= TASK DESCRIPTION =
Beginning at the line that contains "十博(10bet)亚洲官方网站 2019年元旦值班安排", output each line exactly through the end of the records, and drop any pictures.

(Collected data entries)
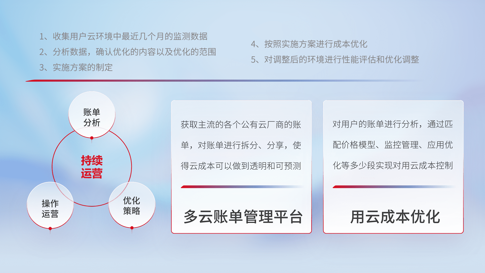 通过多云纳管,,以统一的资源数据模型把客户的云资源进行抽象和封装,,,进而实现对多云资源的统一操作,,,保障云资源管理的可靠性、、、稳定性与可用性。。。。量身定制化运维内容,,,配置、、开发运维、、、补丁管理、、备份、、监控、、认证和访问管理、、、审计和日常巡检等,,,保障在用云过程中的可靠度,,稳定度以及高可用率。。。。
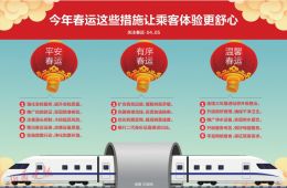 另外,春运期间,太原、临汾、运城、忻州、阳高等53个车站候车室、售票厅进行了站房设施全面整治,84个车站厕所进行星级考核,太原南、太原、忻州等18个车站候车室旅客饮用水源进行净化改造,经过专业化培训的1031名“山西旅游宣传员”也将全部挂牌上岗,助力山西推进全域旅游。通过全方位提升客运服务品质,太原局集团公司将努力让旅客获得无处不在的温馨服务。
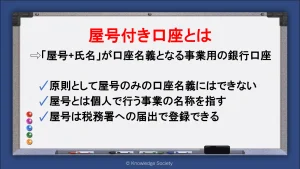 屋号付き口座とはその名の通り、屋号が含まれた事業用の銀行口座です。
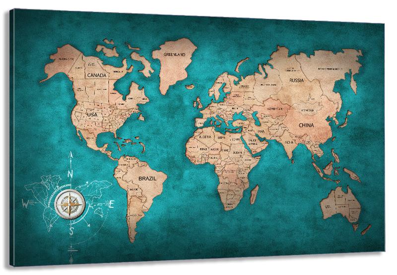 Картина холст в гостиную / спальню мапа світу mlp_263
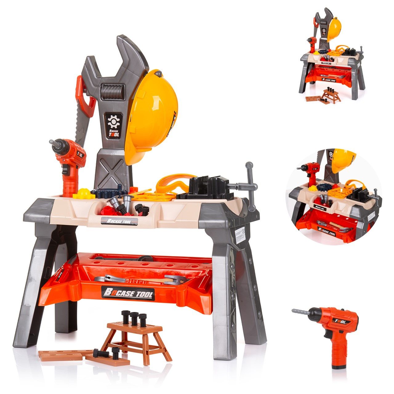 Lieferumfang | Kinderwerkbank, Säge, Schraubenzieher, Hammer, Schraubenschlüssel, Zange, Helm, elektrischer Bohrer, verschiedene Schrauben, Schutzbrille uvm. |
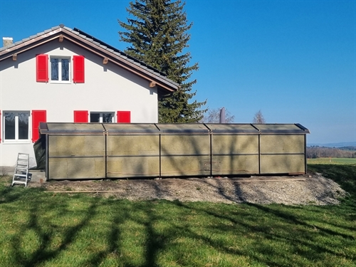 | Ici vue arrière du bucher-champ solaire. Ca a déjà une sacrée gueule. A des années lumières du vomi moche sur tuiles de panneaux. Et ce n'est pas fini : la végéralisation n'est pas encore là. Quand ce sera fini, non seulement ça produira massivement de l'énergie utile pour l'autonomie de la maisons, mais on pourra inviter Pro Natura pour leur faire sentir la différence, en matière d'énergie renouvelable, entre l'écologie d'en-bas que l'on voit ici et le technocratisme cantonal sous influence des lobbies pour alimenter les machines Involuer Artificielles (IA pour le mainstream, y compris journalistique, qui a abdiqué le souci du sens des mots). 200 |
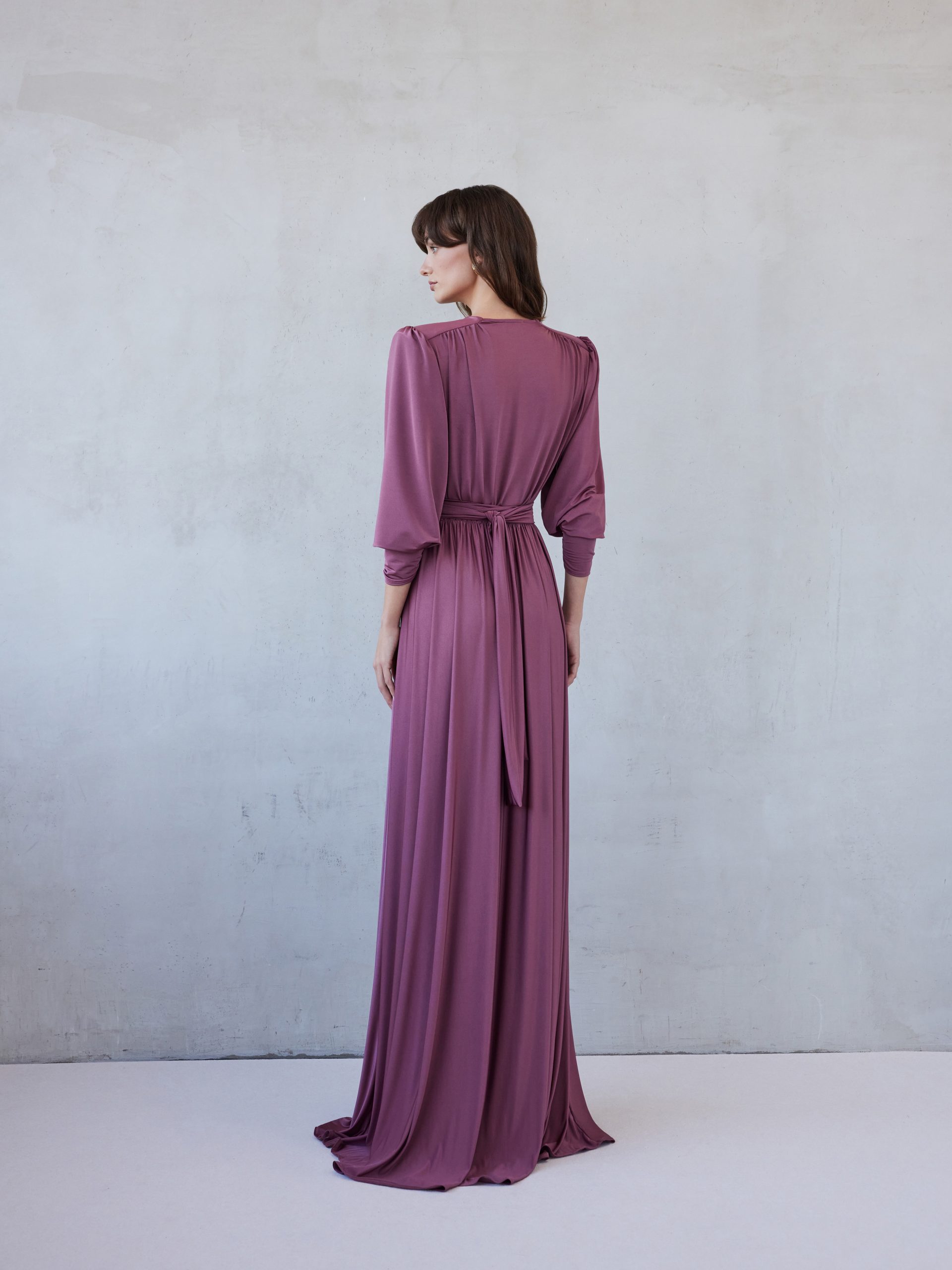 This elegant maxi dress is designed with a fluid, graceful drape. The deep v-neckline, while the softly structured shoulders and voluminous sleeves create a modern look. A wrap-style waist with a decorative metallic buckle defines the figure, and the flowing skirt falls beautifully to the floor, making it an ideal choice for formal occasions or evening events.
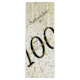 Este elegante arte gráfico es un diseño de cumpleaños para el centenario en blanco y negro. El número de tipografía negra, "100", está bordeado de oro, y el texto dorado, "Centenario", está bordeado de negro. El fondo oscuro es oro y blanco, salpicado de confeti. Si tienes a un ser querido que cumple 100 años, este diseño es una idea divertida para envolver regalos de 100 años.
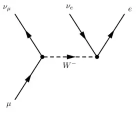 Распад мюона происходит под действием слабого взаимодействия: мюон распадается на мюонное нейтрино и W--бозон (виртуальный), что в свою очередь быстро распадается на электрон и электронное антинейтрино. Такой распад является одной из форм бета-распада[14]. Иногда (примерно в одном проценте случаев) вместе с этими частицами образуется фотон, а в одном случае из 10000 — ещё один электрон и позитрон[12].
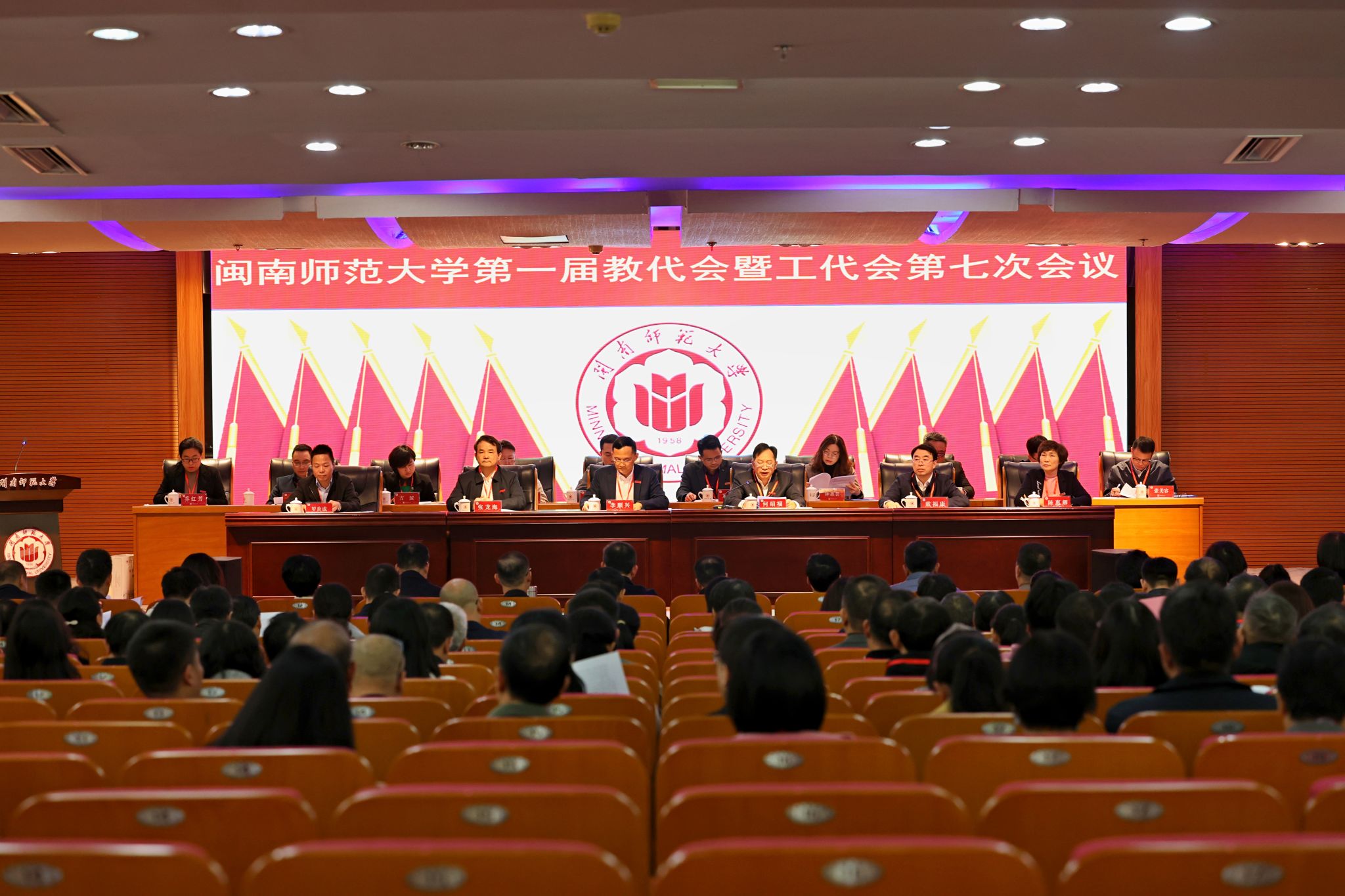 12月19日,閩南師范大學第一屆教代會暨工代會第七次會議在逸夫圖書館五樓報告廳召開。全體在家校領導出席會議,全校171名正式代表、13名列席代表參加。會議由校黨委常委、副校長何紹福主持。
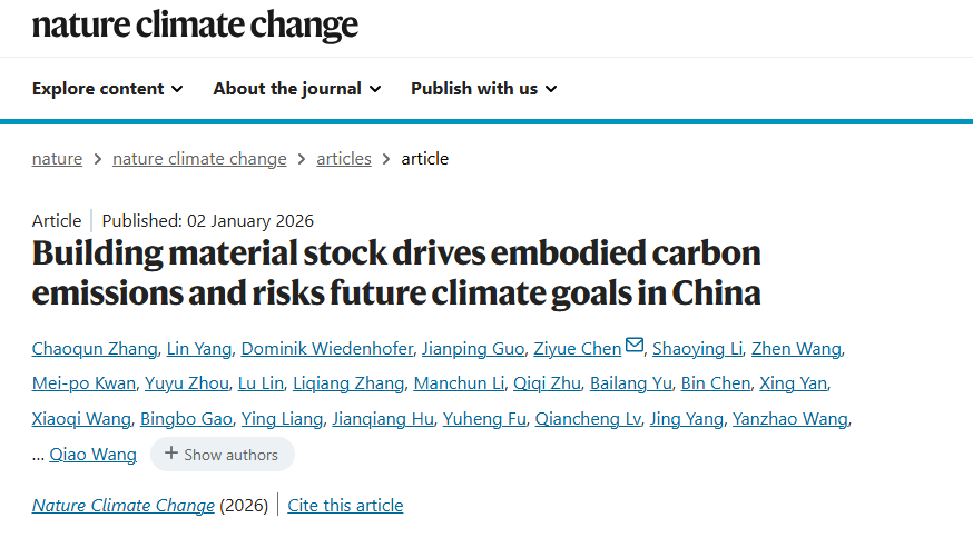 Professor Chen Ziyue's Team from the Faculty of Geographical Science Published a Paper in Nature Climate Change
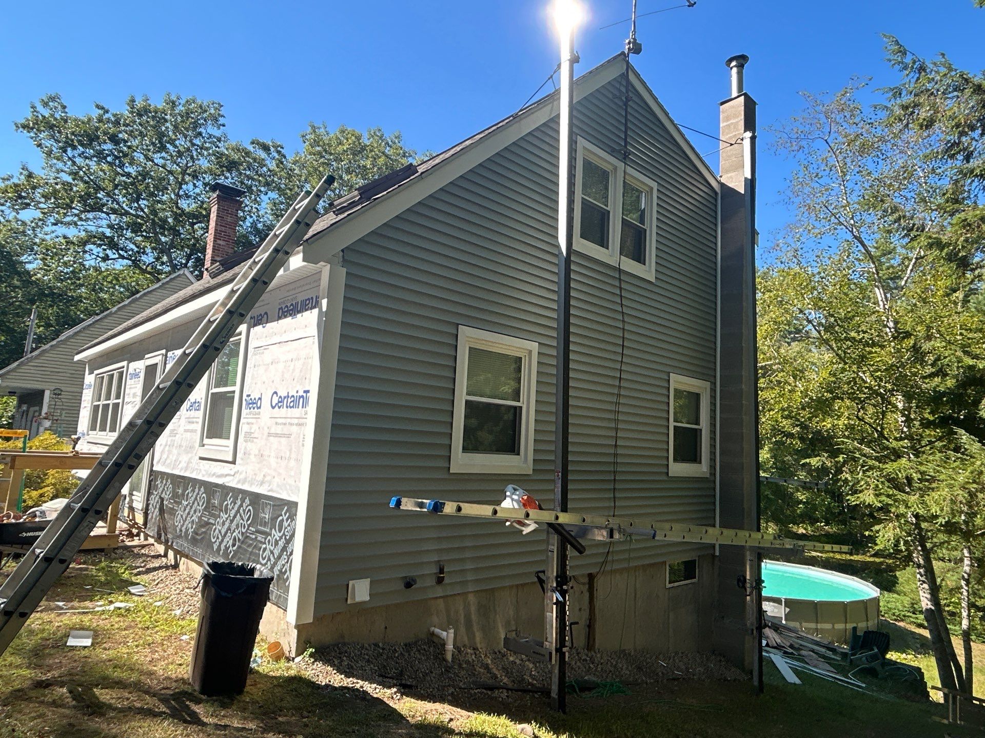 WG Construction completed a full siding replacement on this home in Raymond. The project featured CertainTeed MainStreet D4 vinyl siding and new aluminum trim, giving the home a clean updated look while improving long-term protection from the elements.
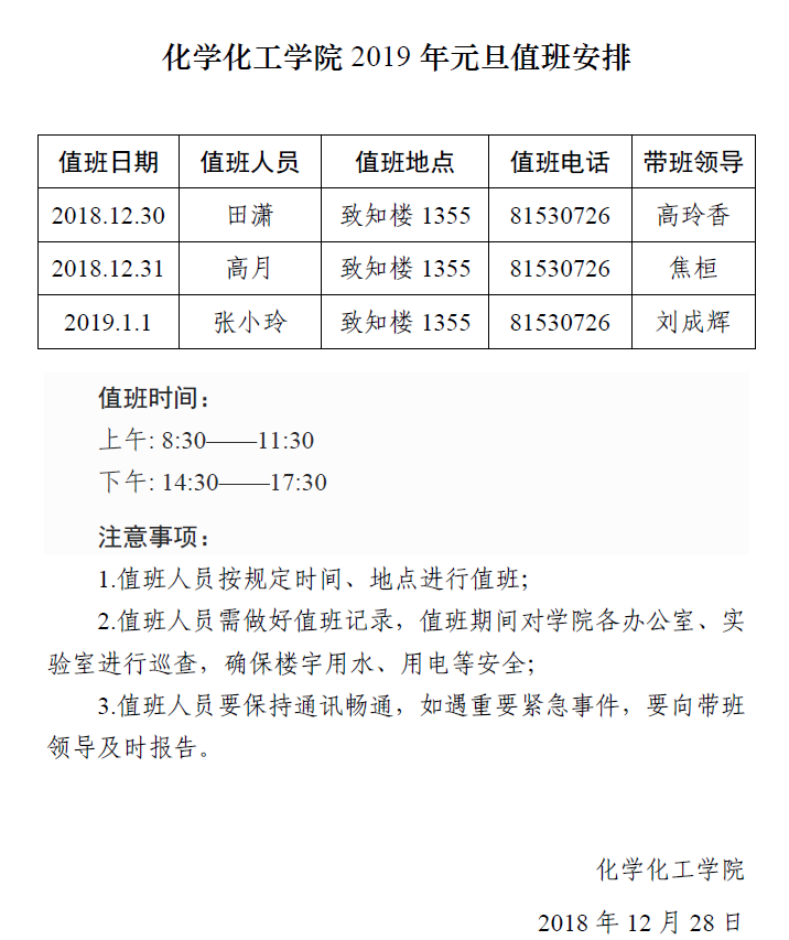 十博(10bet)亚洲官方网站 2019年元旦值班安排
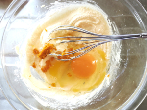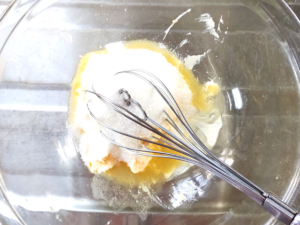 ![]() ③ボールに、卵、オレンジの皮のすりおろし、オレンジ果汁小2を加え、良く混ぜ合わせます。 |
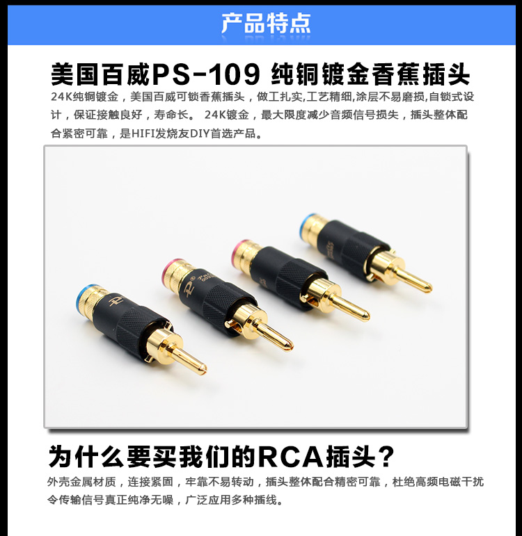 アメリカのバドワイザーのPS-109の自動ロック式のスピーカーのスピーカーのプラグのバナナのスピーカーのケーブルの端子
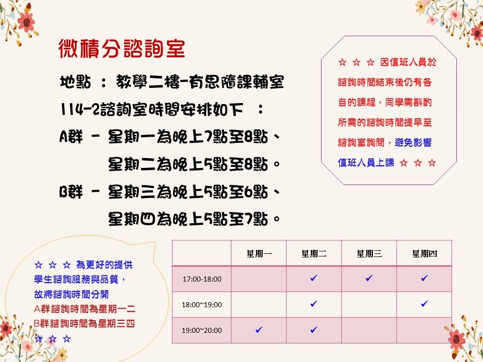 期中期末考週會將星期三四B群的諮詢時間移至星期一二與A群同時段。
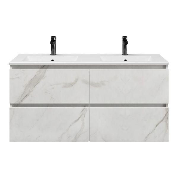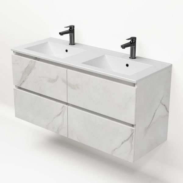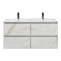 | | Bellanti Elena/Faro badmeubel 120x46 4 softclose laden marmer structuur wit greeploos keramische wastafel dubbel mat wit met 2 kraangaten |
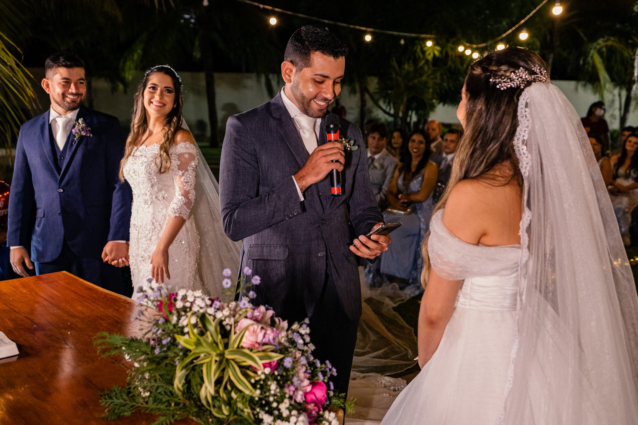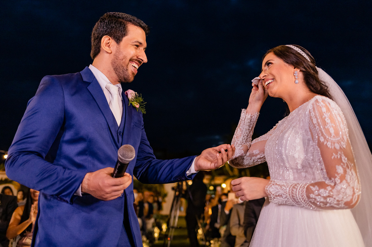 Não precisa fingir ser quem você não é, nessa hora. Se você é uma pessoa mais brincalhona do que romântica, use isso de forma positiva. Não tenha como objetivo criar votos perfeitos pra emocionar os convidados, o que vai emocionar é a verdade do seu coração.

= RESPONSE TO THIS TASK =
 十博(10bet)亚洲官方网站 2019年元旦值班安排
 ![]() ③ボールに、卵、オレンジの皮のすりおろし、オレンジ果汁小2を加え、良く混ぜ合わせます。 |
 アメリカのバドワイザーのPS-109の自動ロック式のスピーカーのスピーカーのプラグのバナナのスピーカーのケーブルの端子
 期中期末考週會將星期三四B群的諮詢時間移至星期一二與A群同時段。
 | | Bellanti Elena/Faro badmeubel 120x46 4 softclose laden marmer structuur wit greeploos keramische wastafel dubbel mat wit met 2 kraangaten |
 Não precisa fingir ser quem você não é, nessa hora. Se você é uma pessoa mais brincalhona do que romântica, use isso de forma positiva. Não tenha como objetivo criar votos perfeitos pra emocionar os convidados, o que vai emocionar é a verdade do seu coração.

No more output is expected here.